Haym Solomon (April 7, 1740 - January 6, 1785), was a Polish Jew who immigrated to New York during the period of the American Revolution, and who became a prime financier of the Continental Army during the American Revolutionary War against Great Britain.
Myths and Historical Legends
It is said that during the American Revolution, Salomon went to France and raised an additional £3.5 million from the Sassoon and Rothschild banking houses and families. However, David Sassoon had not been born yet, and would later start up his counting house in Bombay, India, not France. Likewise, the Rothschild family had not set up a bank in France yet either. At the time of the Revolutionary war, the Rothschild's patriarch, Mayer Amschel Rothschild, founder of the banking dynasty, was still in Hesse-Kassel, loyally serving its prince, Wilhelm IX, who aided the British against the Americans by supplying England with his Hessian mercenaries.
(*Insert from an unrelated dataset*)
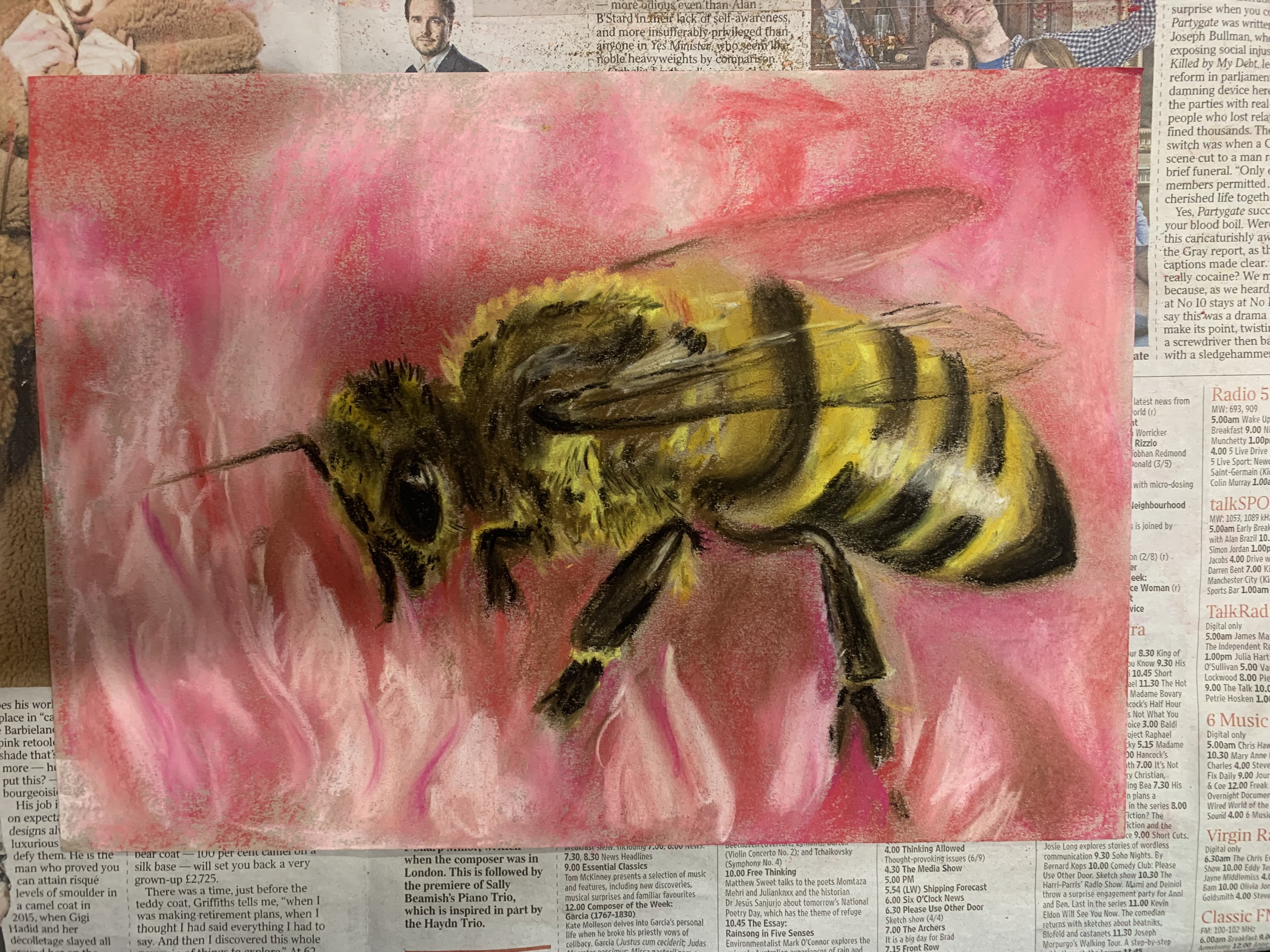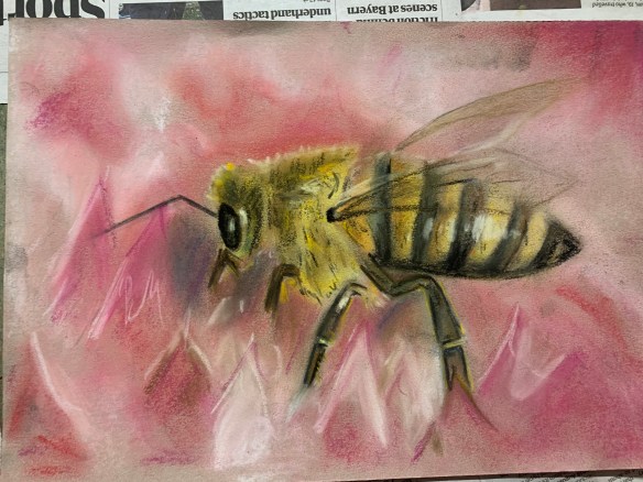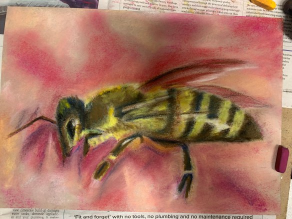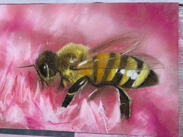 Another pretty messy, smudgy lesson but totally worth it for these fantastic bee drawings using soft pastel. Quite a tricky one this week – lots of layers to build up and lots of technique to master. It was great to see your confidence grow with this technique in just one lesson.

Salomon spoke eight languages. Supposedly, when he was in France, he passed himself off as a French diplomat. Unfortunately, it does not conform to known fact. It is true his co-religionist, David Franks, did help Adams negotiate loans from Holland. However, there is nothing in the record to show that Solomon himself went to Europe for this purpose. Salomon is sometimes alleged to have written the first draft of the United States Constitution, but the Philadelphia Convention occurred after his death. Others have claimed that he designed The Great Seal of the United States and that he included the Star of David, a Jewish symbol, above the eagle's head. There is no documentary evidence to support this claim. However, below is a video where you can see that although the Seal of the Unites States does not include a Jewish symbol (as seen in the back of a US Dollar), we can see the formation of a six prone Star of David in the alinement of the 13 stars representing the first colonies of the US.
Honors, Testimonials and Memorials
In 1893, a bill was presented before the 52nd United States Congress ordering a gold medal be struck in recognition of Solomon's contributions to the United States. In 1941, the writer Howard Fast wrote a book Haym Salomon, Son of Liberty. That same year the George Washington-Robert Morris-Haym Solomon Memorial by Lorado Taft was erected along Wacker Drive in downtown Chicago. In 1946, a memorial statue was erected to Solomon at Hollenbeck Park in Los Angeles. The statue was rededicated in 2008 at Pan-Pacific Park in the Fairfax District, where it can be found on the corner of Gardner and Third Street. In 1975 the United States Postal Service issued a commemorative stamp honoring Haym Saloman for his contributions to the cause of the American Revolution. This stamp, like others in the "Contributors to the Cause" series, was printed on the front and the back. On the glue side of the stamp, the following words were printed in pale, green ink:
Financial Hero—Businessman and broker Haym Salomon was responsible for raising most of the money
needed to finance the American Revolution and later to save the new nation from collapse.

The Congressional Record of March 25, 1975 reads:
" When Morris was appointed Superintendent of Finance, he turned to Solomon for help in raising the money needed to carry on the war and later to save the emerging nation from financial collapse. Salomon advanced direct loans to the government and also gave generously of his own resources to pay the salaries of government officials and army officers. With frequent entries of "I sent for Haym Solomon", Morris' diary for the years 1781–84 records some 75 transactions between the two men.